Multi-Information Source Optimization
This addresses the problem of efficiently optimizing expensive functions using multiple biased approximations, which is incremental but important for applications like reinforcement learning and engineering.
The paper tackles Bayesian optimization of expensive black-box functions with cheaper, biased approximations by introducing a novel algorithm that rigorously handles model discrepancies and noisy observations. The method consistently outperforms state-of-the-art techniques, achieving higher objective values and lower exploration costs.

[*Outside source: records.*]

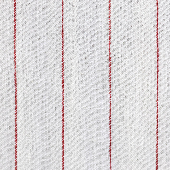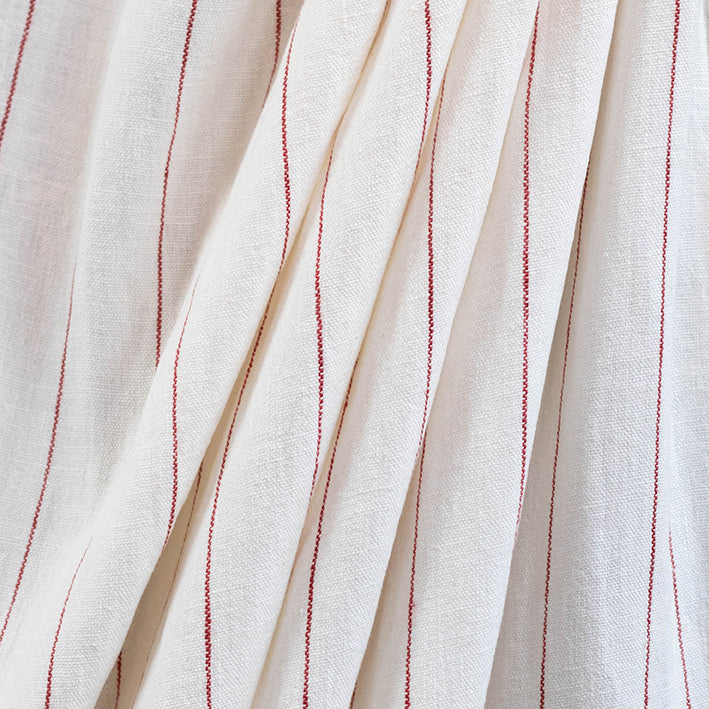 Vis Linen Red is a wonderfully classic white linen featuring thin red stripes. This midweight fabric would hang as beautiful subtly patterned curtaining, cushions or even use on your occasional upholstery projects. Also suitable for other home furnishings such as napkins, tablecloths, and tea towels.
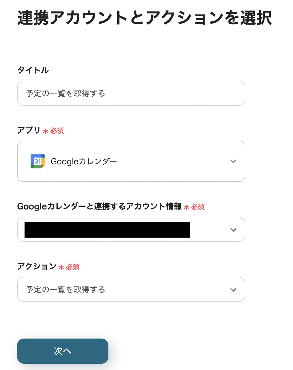 「Googleカレンダーと連携するアカウント情報」:合っているか確認
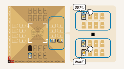 親から反時計まわりに、4人が順番に、【受け】と【攻め】を繰り返し、相手と同じコマで【受け】、好きなコマで【攻め】る。パスのときは、【なし】を宣言します。
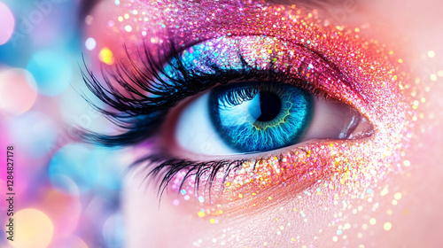 An exquisite portrayal of an eye, beautifully detailed to encapsulate an entire universe within its gaze, accentuated by a constellation of vibrant colors and cosmic elements, symbolizing infinite pot
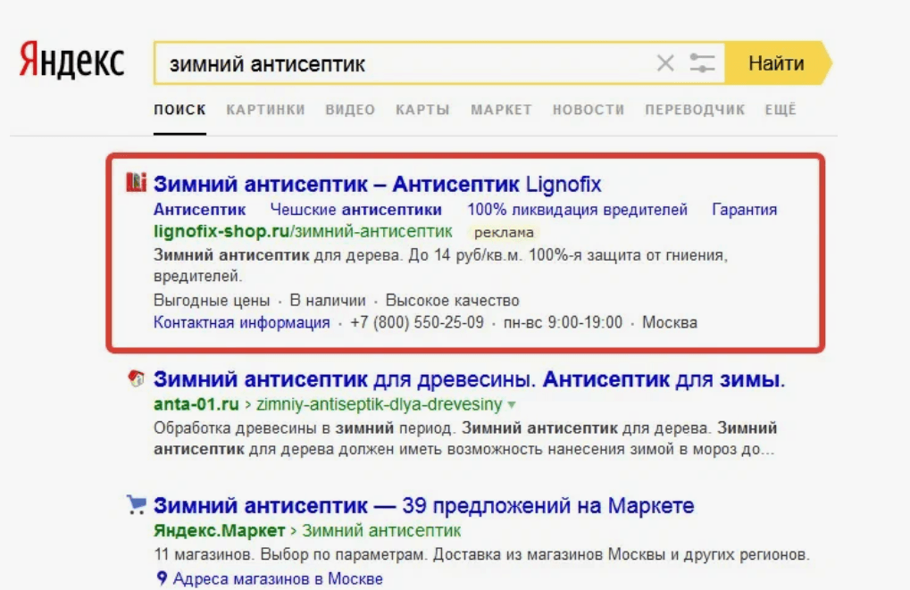 Раньше рекламные объявления Яндекс Директа в выдаче помечал помечал довольно заметным знаком «Реклама». Вот как это выглядело.

We consider Bayesian optimization of an expensive-to-evaluate black-box objective function, where we also have access to cheaper approximations of the objective. In general, such approximations arise in applications such as reinforcement learning, engineering, and the natural sciences, and are subject to an inherent, unknown bias. This model discrepancy is caused by an inadequate internal model that deviates from reality and can vary over the domain, making the utilization of these approximations a non-trivial task. We present a novel algorithm that provides a rigorous mathematical treatment of the uncertainties arising from model discrepancies and noisy observations. Its optimization decisions rely on a value of information analysis that extends the Knowledge Gradient factor to the setting of multiple information sources that vary in cost: each sampling decision maximizes the predicted benefit per unit cost. We conduct an experimental evaluation that demonstrates that the method consistently outperforms other state-of-the-art techniques: it finds designs of considerably higher objective value and additionally inflicts less cost in the exploration process.